Table of Contents

Introduction #

In this post, we’ll explain how to deploy Deepseek R1 via vLLMs using Azure Machine Learning’s Managed Online Endpoints for efficient, scalable, and secure real-time inference. This has the benefit that the model is running within your own Azure subscription and you’re in full control of what is happening to your data. For example, this allows to deploy R1 within a region of the US or EU, e.g., eastus2, swedencentral or others.

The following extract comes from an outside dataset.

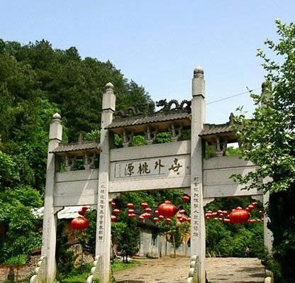 東漢建武二十四年(公元48年),伏特將軍馬援南征五溪"蠻",曾駐軍烏頭村,今桃花源附近尚留有他避暑的"馬援石室"以及他曾設(shè)帳蓬的"營(yíng)盤洲".他的將士曾患瘟疫,當(dāng)?shù)乩习傩斋I(xiàn)"三生湯"(即擂茶)為將士治愈瘟疫,因而桃花源這一帶,留下關(guān)于擂茶的傳說(shuō)和以擂茶待客人的習(xí)俗,相沿至今.就在此后兩年,即東漢建武帝二十六年,從臨沅縣中析置沅南縣,禁屬武陵郡,桃花源屬沅南縣三國(guó),兩晉,南北朝,桃花源均屬武陵郡沅南縣.就在這一歷史階段的晉代(公元前3世紀(jì)中葉至5世紀(jì)初),桃花源這處山水風(fēng)光地便開(kāi)始有了建筑.明陳洪謨編纂的<嘉靖常德府志>載:桃源觀,晉人建."道觀因建在桃源山上,故名"桃源山"即是桃花之源或者桃樹(shù)之源的山,是桃林茂密,桃花繽紛,美不勝收之處.南北朝宋初二年(公元421年),東晉大詩(shī)人陶淵明寫下了千古杰作<桃花源詩(shī)并序>,他用浪漫主義的大手筆構(gòu)造了一個(gè)沒(méi)有紛爭(zhēng).沒(méi)有剝削,沒(méi)有壓迫豐衣足食,怡然自樂(lè)的理想王國(guó)--桃花源,反映了人民群從和平寧?kù)o,幸福美好生活的向往,也體現(xiàn)了人民群眾對(duì)黑暗社會(huì)的抗議.陶淵明從小受儒家"大同世界"的理想,又有道家"小民寡民"的思想的影子.陶淵明繼承了楚文化和屈原的"楚風(fēng)",<桃花源詩(shī)并序>問(wèn)世之后,石破天機(jī),使桃花源聲名大起,現(xiàn)實(shí)中的桃源山,桃源觀,桃花山,桃川宮(即桃源山濱臨之沅江一帶)等名勝景物隨之暇邇聞名.

In detail, we’ll be deploying DeepSeek-R1-Distill-Llama-8B, which is based off Llama-3.1-8B.

Tools used #

To deploy R1, we’ll be using:

vLLM
Managed Online Endpoints in Azure Machine Learning

Here’s a short summary of what those two components do:

Introduction to vLLM #

vLLM is a high-throughput and memory-efficient inference and serving engine designed for large language models (LLMs). It optimizes the serving and execution of LLMs by utilizing advanced memory management techniques, such as PagedAttention, which efficiently manages attention key and value memory. This allows for continuous batching of incoming requests and fast model execution, making vLLM a powerful tool for deploying and serving LLMs at scale.

vLLM supports seamless integration with popular Hugging Face models and offers various decoding algorithms, including parallel sampling and beam search. It also supports tensor parallelism and pipeline parallelism for distributed inference, making it a flexible and easy-to-use solution for LLM inference (see full docs).

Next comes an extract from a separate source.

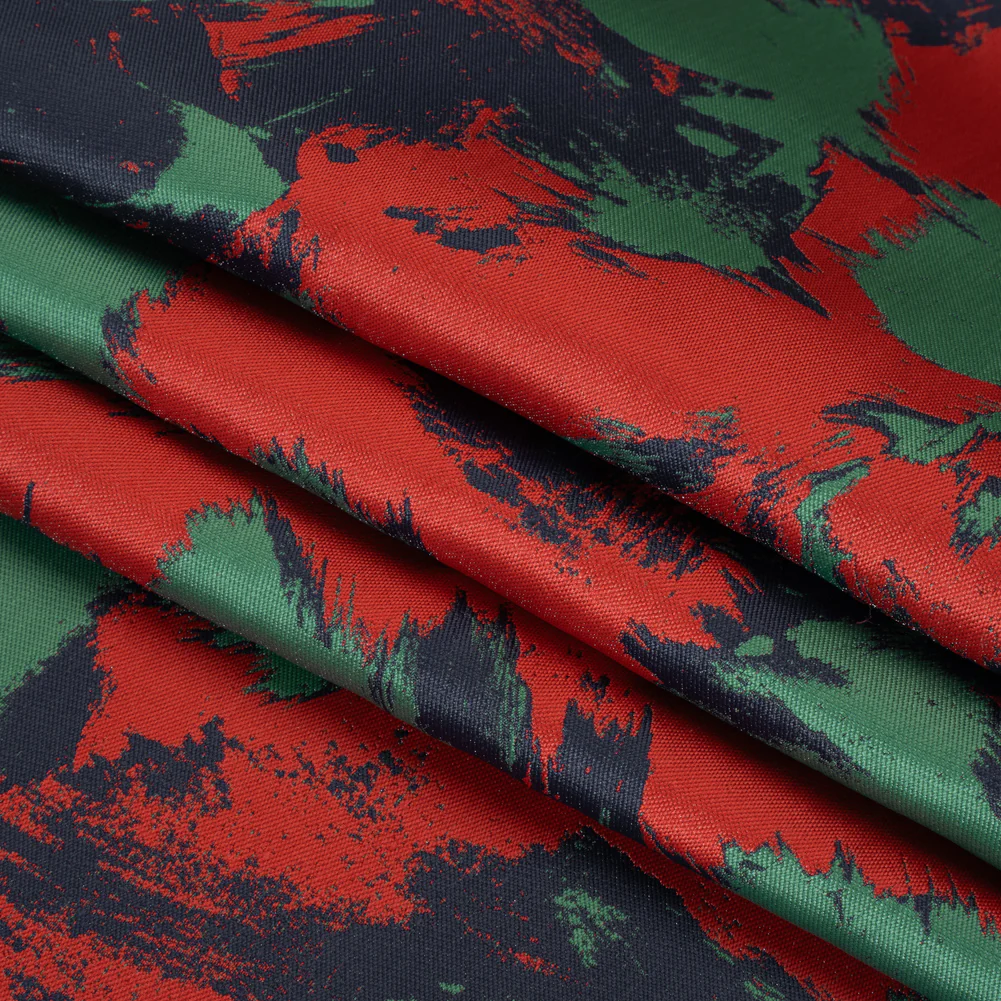 Luxury Polyester Brocade - Red, Green and Navy Blue Abstract Brushstrokes

Managed Online Endpoints in Azure Machine Learning #

Managed Online Endpoints in Azure Machine Learning provide a streamlined and scalable way to deploy machine learning models for real-time inference. These endpoints handle the complexities of serving, scaling, securing, and monitoring models, allowing us to focus on building and improving your models without worrying about infrastructure management.

Deepseek R1 model deployment #

Let’s go through deploying R1 on Azure Machine Learning’s Managed Online Endpoints. For this, we’ll use a custom Dockerfile and configuration files to set up the deployment. As a model, we’ll be using deepseek-ai/DeepSeek-R1-Distill-Llama-8B on a single Standard_NC24ads_A100_v4 instance.

Step 1: Create a custom Environment for vLLM on AzureML #

First, we create a Dockerfile to define the environment for our model. For this, we’ll be using vllm’s base container that has all the dependencies and drivers included:

FROM vllm/vllm-openai:latest
ENV MODEL_NAME deepseek-ai/DeepSeek-R1-Distill-Llama-8B
ENTRYPOINT python3 -m vllm.entrypoints.openai.api_server --model $MODEL_NAME $VLLM_ARGS

The idea here is that we can pass a model name via an ENV variable, so that we can easily define which model we want to deploy during deployment time.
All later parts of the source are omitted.